We trained these three predictive models on the same random subset of 777,998 SNP-probe pairs, and then validated the predictive power of each model by testing against the remaining 6,894,942 SNP-probe pairs that were not included in the training set. While a randomly selected SNP-probe pair in the test set had a 3.5% chance of being a GWAS hit, all three models predicted substantial subsets of pairs to have even higher probabilities (Fig 5). All three models were well-calibrated in that for SNP-probe pairs found in a given bin of predicted probabilities, the actual observed proportion of GWAS hits among those pairs was within that predicted range. However, our complete model M3 that considered both eQTL evidence and chromatin state outperformed the smaller models M1 and M2 in one important regard: whereas the maximum predicted probabilities generated by M1 and M2 peaked at 6.0% and 5.3%, respectively (corresponding to maximum 1.7-fold and 1.5-fold chances, respectively, of being a GWAS hit compared to random), M3 derived probabilities had a greater dynamic range and was able to provide higher prediction probabilities as high as 10.0% (2.9-fold higher than chance). ROC curves for the three models showed that they were all reasonable classifiers (Fig 6), with the area under the ROC curve (AUC) being 0.645 for M1, 0.610 for M2, and 0.654 for M3. Thus, while all three of our models were improvements over chance, the model considering eQTL information was most discriminatory and most strongly predicted SNPs that would be prioritized for further functional characterization.

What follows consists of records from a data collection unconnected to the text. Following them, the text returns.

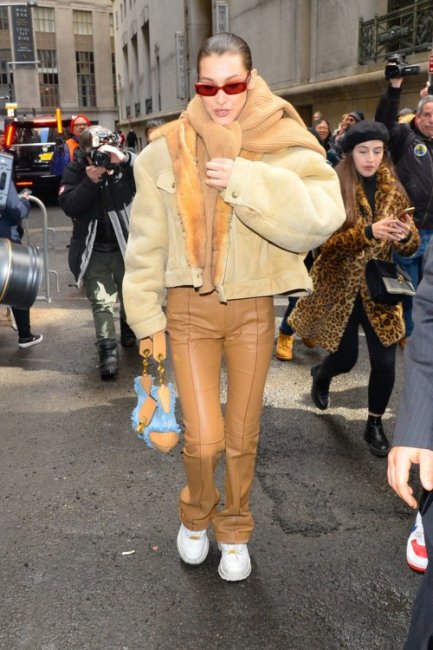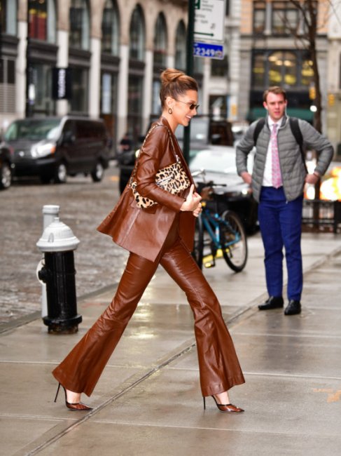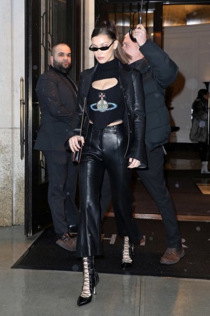 Еще один модный прием из 1990-х годов, который выбирает Белла – кожаные брюки, блейзеры и плащи. В streetstyle-образах Хадид часто преобладают именно кожаные изделия черных и карамельных оттенков, причем как total-leather образы, так и отдельные элементы из кожи, которые Белла искусно комбинирует с другими элементами гардероба.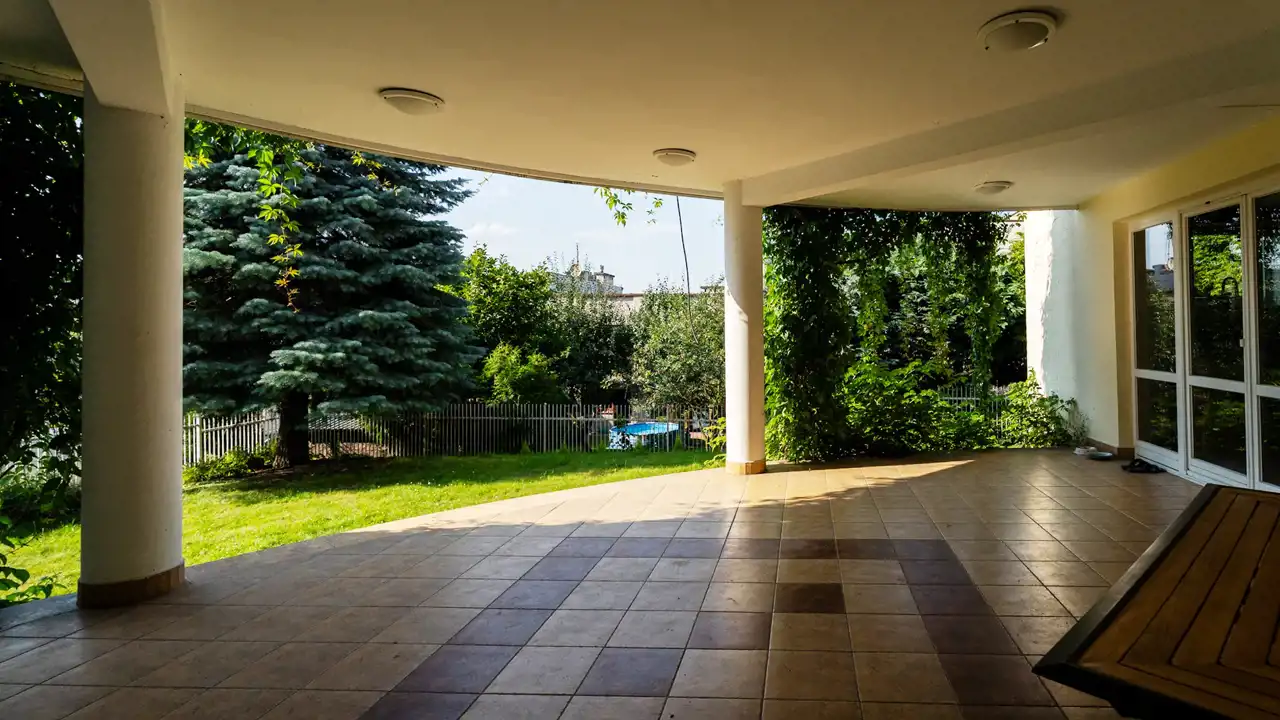 Uwagę przyciąga zadbany ogród, który podkreśla rezydencjalny charakter nieruchomości.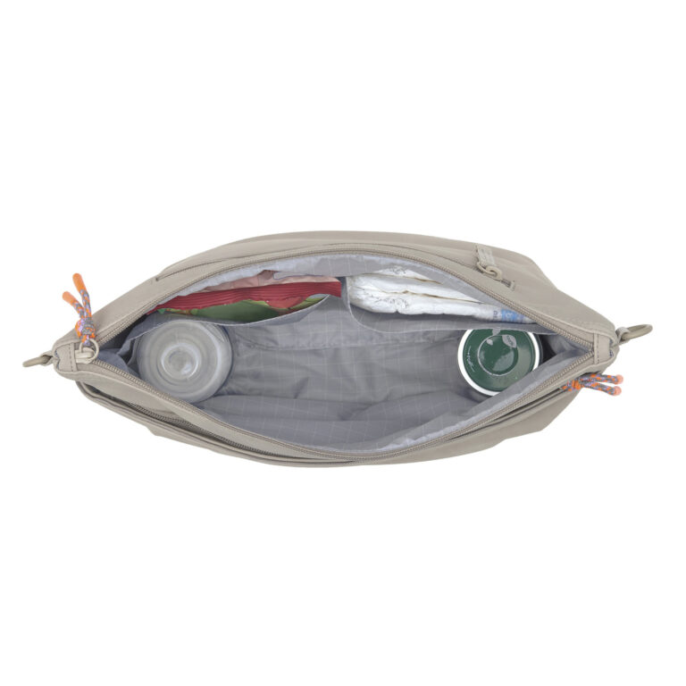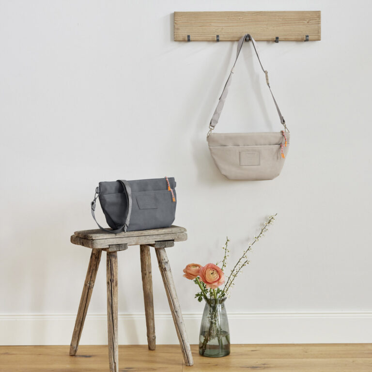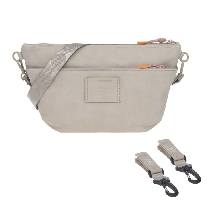 • lze připevnit na kočárek pomocí háčků, nosit přes rameno jako kabelku nebo cross bag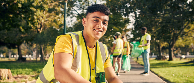 Foto: Ungdomar som plockar skräp på gator och i naturen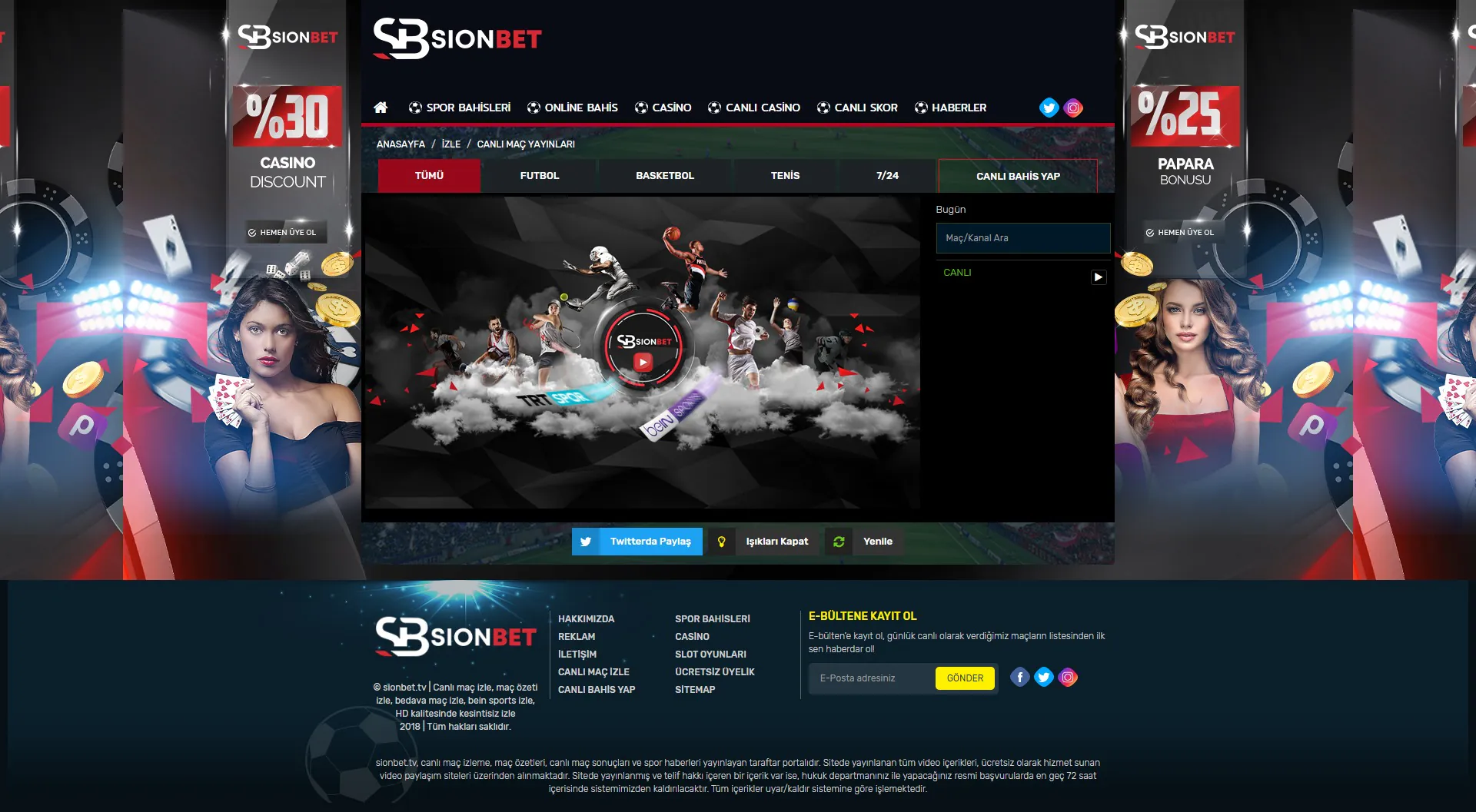 Sionbet bahis sitesi içerisinde birçok farklı uygulama seçeneği yer alır. Bu seçeneklerden en popüler olanı ise bahis sitesinin canlı maç yayını uygulamasıdır. Canlı olarak karşılaşmaları sorunsuz bir şekilde takip edebileceğiniz bu seçenek son derece güvenlidir.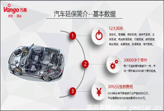 汽車延保包含三大數(shù)據(jù)。第一個(gè)數(shù)據(jù)是汽車的12大系統(tǒng),該數(shù)據(jù)每個(gè)公司區(qū)分都有差異,而萬(wàn)高則是按照汽車各個(gè)部件承擔(dān)的功能進(jìn)行區(qū)分,分為發(fā)動(dòng)機(jī)、變速器、傳動(dòng)、進(jìn)排氣、冷卻、電控燃油、行駛、轉(zhuǎn)向、制動(dòng)、車身、空調(diào)、電氣系統(tǒng)。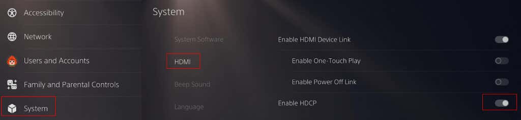 If none of the above fixes have worked for you so far, another thing you can try is disabling game mode and HDCP (high-bandwidth digital copyright protection) by going into your PS5 settings. HDCP prevents external devices recording video from your console, so don’t disable this if you’re using a game capture device to record video. If you want to disable HDCP, here’s how to do that: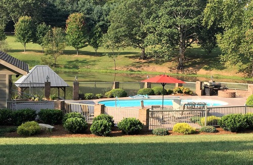 Just 25 minutes west of Asheville and 15 minutes from Waynesville and Maggie Valley with easy year-round accessibility. The 1800 square foot house sleeps 8 with 3 bedrooms (1 King and 2 Queens) and 3 large bathrooms and includes a queen sofa bed in the living area.(2 night minimum) Everything is provided for a relaxing and comfortable stay. Features include an open concept with a large modern kitchen, dining and living area. The house is handicapped accessible and a few of the amenities include Wi-Fi, cable, 4 tv's, heating and air and a full size washer and dryer. The house sits on 16 park-like acres of beautifully landscaped property, and a 2.5 acre natural pond full of fish sits in the middle of the property - bring your pole and bait! A private in-ground pool is included from Memorial Day - Labor Day, weather permitting. There is also a built-in fire pit (wood and smores skewers included!) in the pool area.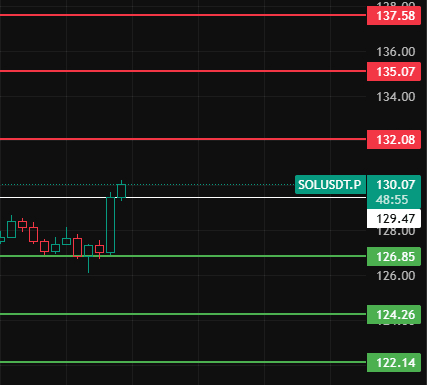 如果夜间跌破129上方,那这波只是1-2小时级别有力度的反弹而已,再次回踩下方支撑位留意126-124-122这几个位置附近!#solana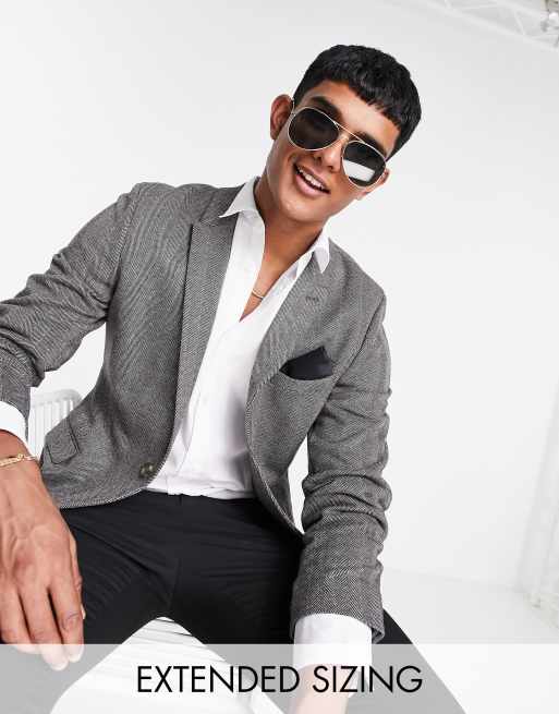 ASOS DESIGN super skinny wool mix blazer in oatmeal herringbone ASOS Very well made.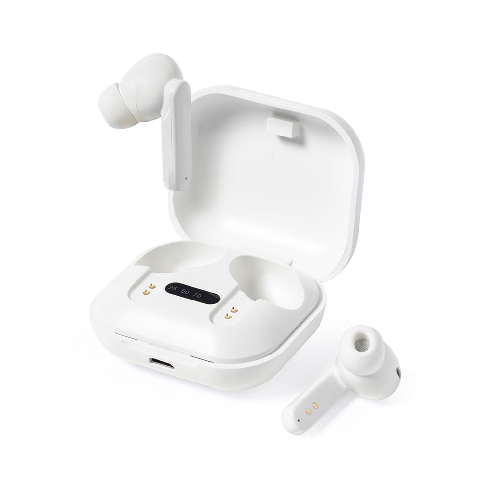 Natuurlijn oortelefoon met Bluetooth® 5.0-verbinding, inclusief lithiumbatterij en in een elegante witte afwerking. Gemaakt van gerecycled ABS (RABS), met RCS-certificaat, dat de gerecyclede oorsprong garandeert. Ergonomisch ontworpen, inclusief een geïntegreerde bedieningsknop op de oortelefoon, met bijpassende oplaadbasis en LED-oplaadstatusindicator. Handsfree-functie en oplaadbaar, met micro USB-kabel inbegrepen. Gepresenteerd in een aantrekkelijke eco-design doos.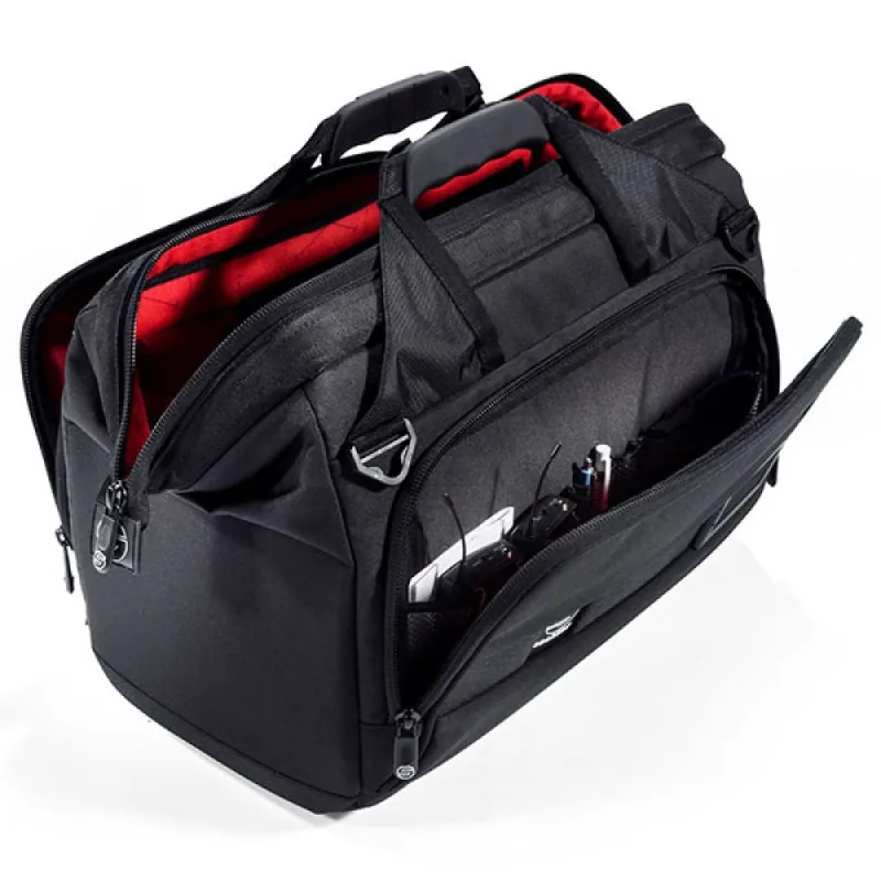 Standarta izmēra video kameru plecu soma ar inovatīvu dizainu, kas piedāvā īpaši plašu atvēršanu, lai turētu jūsu kameru ar pielikumiem.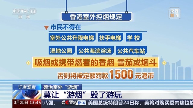 中国疾病预防控制中心控烟办公室原主任姜垣举例表示,我国香港、澳门特区禁烟工作持续开展,形成了社会的广泛共识。比如在香港,要求市民不得在室外公共升降电梯、扶手电梯、学校、湿地公园、公共海滨浴场、公共汽车站吸烟或携带燃着的香烟、雪茄或烟斗,否则将被定额罚款港币1500元。澳门明确公交车站和的士站10米范围内禁止吸烟,公共场所抽烟最高罚款1500澳门元,烟头丢地上罚款600澳门元。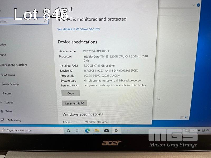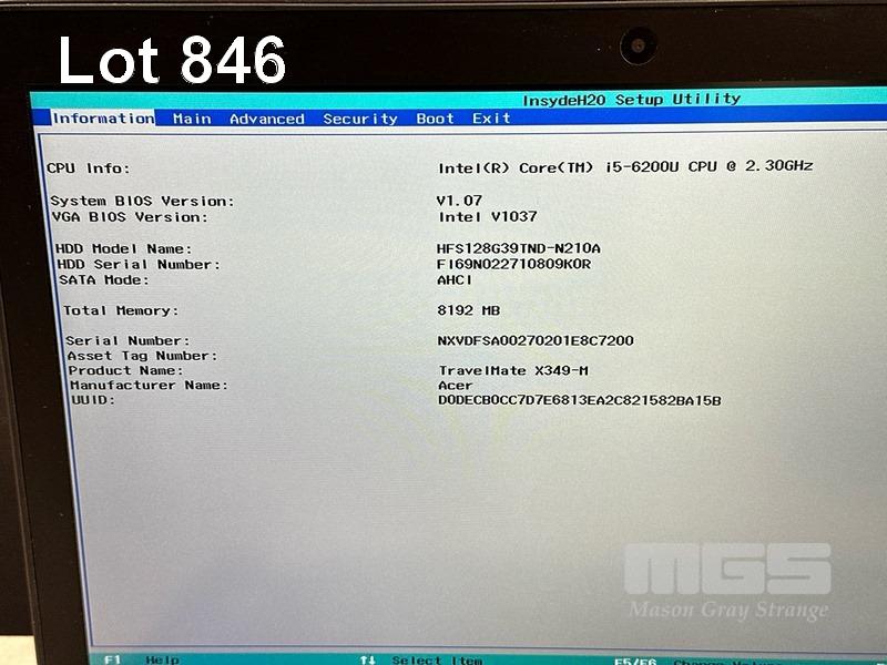 LAPTOP, ACER TRAVELMATE X349-M, CORE i5 6200U (6TH GEN) @ 2.3GHz, 8GB DDR4 RAM, 128GB M.2 SSD, 14" WIDESCREEN (1920x1080), INTEL HD VIDEO, Wi-Fi, BLUETOOTH, WINDOWS 10 HOME INSTALLED & POWER SUPPLY (NOTE: ENGRAVED BOTTOM OF CASING) S/N:NXVDFSA00270201E8C7200

Top panel: Three models were developed for predicting the membership of a given SNP in the NHGRI GWAS Catalog, all incorporating at minimum the distance of the SNP from the transcript boundaries of its target gene and the minor allele frequency of the SNP. The "structure [M1]" model (white) also incorporates the NCBI gene structure classification of the gene (intron, coding, untranslated region, etc.) (S2 Fig); "chromstate [M2]" (gray) instead incorporates chromatin state (S2 Fig); "chromstate+eqtl [M3]" (black) incorporates both chromatin state and eQTL FDR class (Fig 4). The x-axis shows equal-sized bins of predicted probabilities of being a GWAS SNP. This particular choice of bins based on the widest range of probabilities (from M3) aids visual comparison of calibration among the three models by smoothing the proportions of observed GWAS SNPs. The y-axis shows the actual proportion of GWAS SNPs in that bin. The dashed green line at 3.5% represents the mean probability of a random SNP in the genome for being a GWAS hit or a close proxy (r2 > 0.8) for one. Bottom panel: a table of absolute counts of SNPs in each predicted probability bin for each of the predictive models. For the M1 and M2 models, no SNPs had predicted probabilities > 6.3%.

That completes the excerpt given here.